■ Work task ■
The answer must be every line below that contains the string "Gewerbe".
Data section: Begin
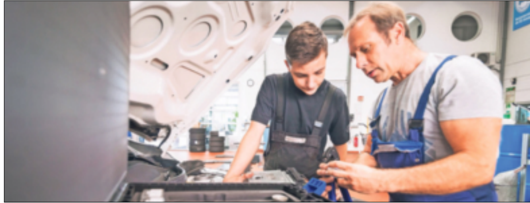
Eine Ausbildung im Kfz-Gewerbe eröffnet vielfältige Berufsbilder und Karriereoptionen.

Wer sich daher für eine Karriere im Kfz-Gewerbe entscheidet, leistet einen wichtigen Beitrag, um unsere Welt am Laufen zu halten. Vielleicht deshalb stehen Berufe rund um Fahrzeuge und Mobilität auch heute hoch im Kurs - alleine 2021 sind über 90.000 junge Menschen im Kfz-Gewerbe ins Berufsleben eingestiegen.
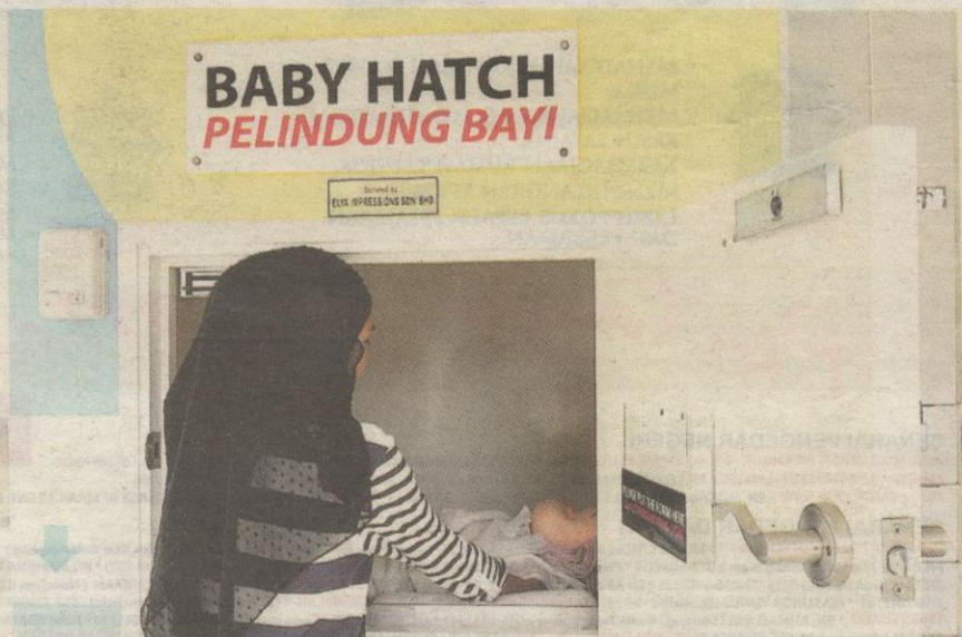
Demonstrasi 2: Sebaik bayi diletakkan, secara automatik lampu akan terpasang.
Data section: End
■ Output for this task ■
Eine Ausbildung im Kfz-Gewerbe eröffnet vielfältige Berufsbilder und Karriereoptionen.
Wer sich daher für eine Karriere im Kfz-Gewerbe entscheidet, leistet einen wichtigen Beitrag, um unsere Welt am Laufen zu halten. Vielleicht deshalb stehen Berufe rund um Fahrzeuge und Mobilität auch heute hoch im Kurs - alleine 2021 sind über 90.000 junge Menschen im Kfz-Gewerbe ins Berufsleben eingestiegen.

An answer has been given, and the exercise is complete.